Doom 2099 (Victor Von Doom) is a fictional anti-hero appearing in American comic books published by Marvel Comics. The character was primarily featured in the Marvel 2099 series Doom 2099. The character is based on Doctor Doom, created by Stan Lee and Jack Kirby. The series was written by John Francis Moore for its first two years, and by Warren Ellis for its third.

Publication history
Doom first appeared in Marvel Comics Presents #118, in a preview of Doom 2099 #1. Doom 2099 would run for 44 issues (January 1993 – August 1996), with Doom making notable appearances in 2099 Unlimited, 2099: World of Tomorrow, Ghost Rider 2099, Hulk 2099, Punisher 2099, Ravage 2099, Spider-Man 2099, and X-Men 2099. Doom also received his own special one-shot after conquering the United States, titled 2099 A.D.

Fictional character biography
In the year 2099, Doctor Doom abruptly materializes via an energy sphere in the ruins of Castle Doom in Latveria, after disappearing 50–100 years before.

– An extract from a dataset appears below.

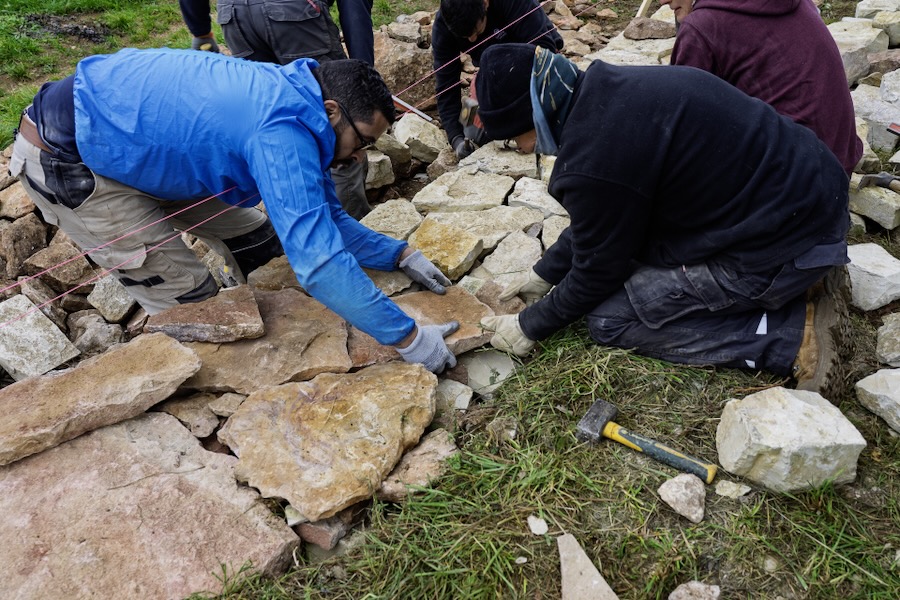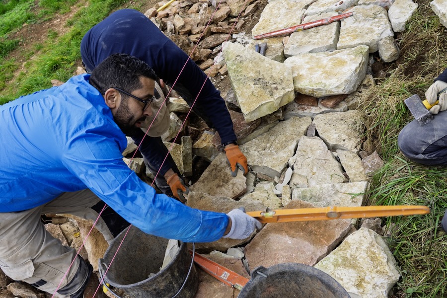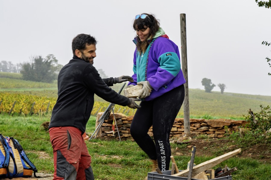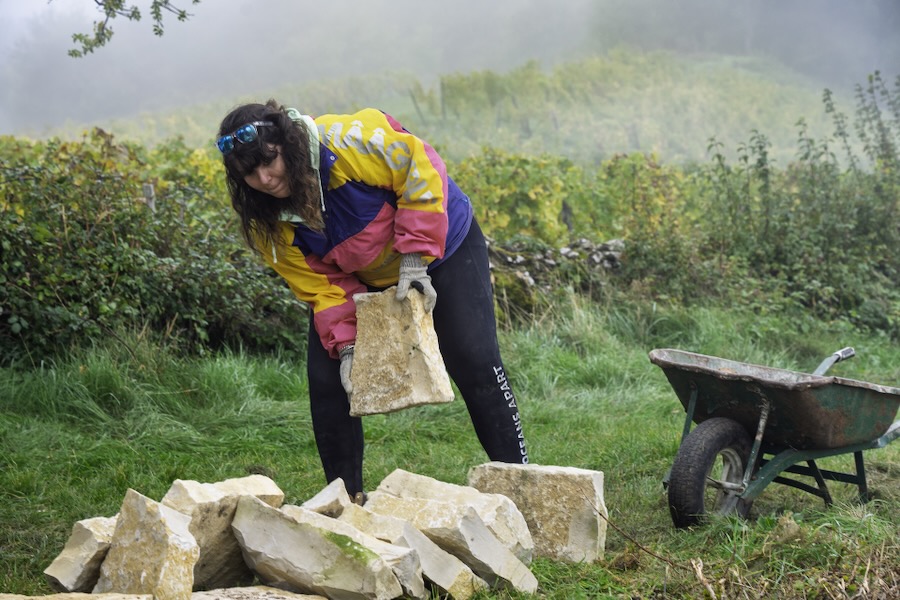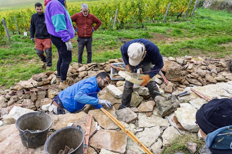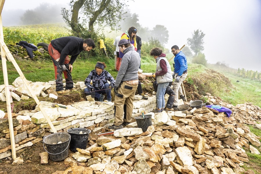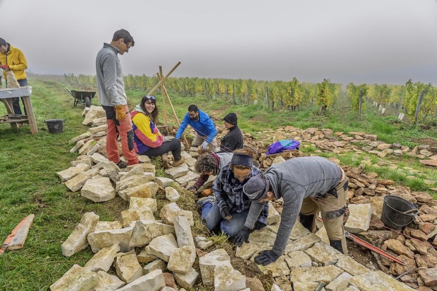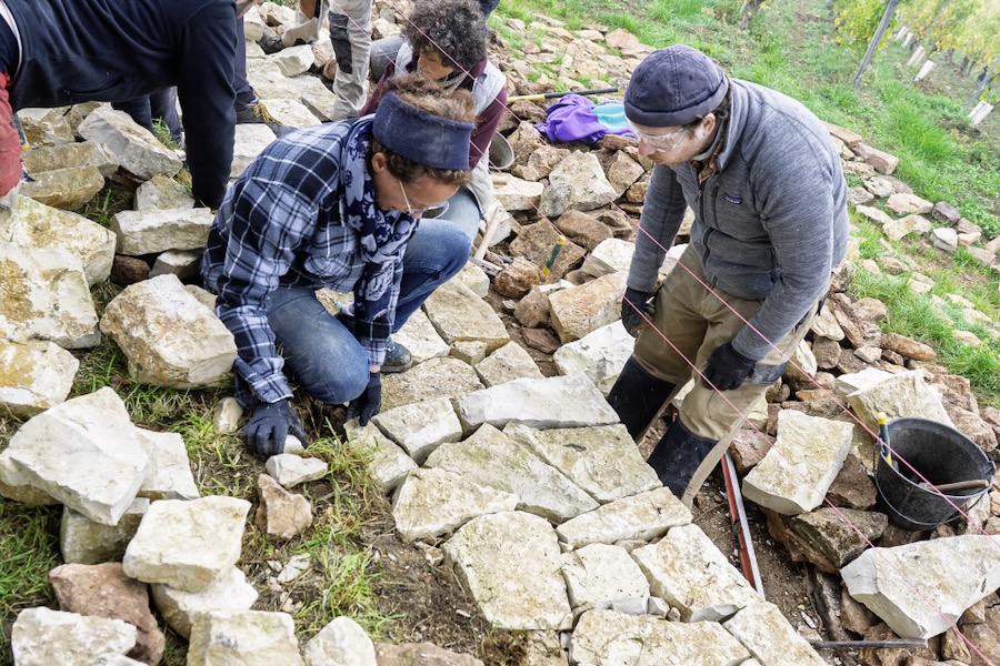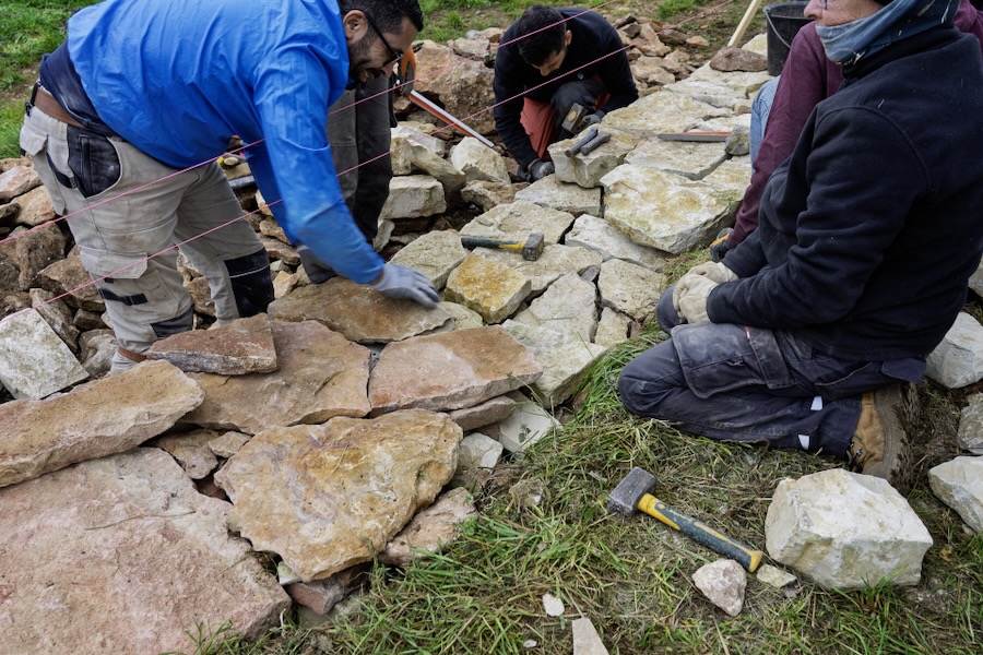 Nous devons parfois avoir recours à des prestataires extérieurs pour intervenir sur des chantiers plus conséquents pour lesquels les normes de sécurité nécessitent que ce soit fait par un professionnel apte à engager sa responsabilité. Par exemple, à Vergisson, nous avons eu recours à une équipe de professionnels de la pierre sèche, c’était un gros chantier qui a duré plus d’un mois, entre les études de sol et le travail proprement dit. »

Latveria is now in the hands of a cyborg mercenary robber-baron, Tyger Wylde. Doom confronts the new dictator of the nation, but is quickly defeated by Wylde's superior technology — his armor depleted of energy and destroyed, and his face is scarred. Left for dead, Doom finds refuge with the last remnants of his gypsy tribe, the Zefiro, via  the seeress Fortune. With the aid of a brilliant Pixel employee he liberates from corporate enslavement named Dr. Celia Quinones, Doom creates a new, far more advanced and powerful suit of silver, blue cloaked armor capable of competing with Wylde's futuristic technology, in addition to performing neurocybersurgery on him. Doom becomes a freedom fighter, and successfully strikes back against an increasingly more frustrated Tiger Wylde. Doom stole Wylde's shipment of tritonium, an unstable radioactive mineral, useful both as a regenerating explosive and as a power source (so powerful that a large handful could power Latveria for fifty years), thereby prompting Wylde to attack. Alongside his few Zefiro allies, and with the use of the tritonium he has seized, Doom is able to defeat and destroy Wylde and regain control of his homeland to once again become Monarch of Latveria, ruling once more from a rebuilt Castle Doom, built "as a bridge between the village of Antikva and the metropolis of Gojradia" (apparently an expanded and advanced Doomstadt) once again. Doom then decides that the world has become chaotic and corrupt, and to save it, he must conquer it. Doom is assisted by several Zefiro Gypsies:

 Fortune, a Zefiro fortune teller and former advisor of Wylde.
 Wire, a "Cybersavant", capable of finding information on the worldwide Cyberweb.
 Xandra, Wire's girlfriend and a Wakandan soldier. Adopted into the Zefiro.
 Vox, the Zefiro's magical adept. A mute boy who has one of the Eyes of Agamotto.
 Poet, Fortune's former lover and capable martial artist, not a Zefiro.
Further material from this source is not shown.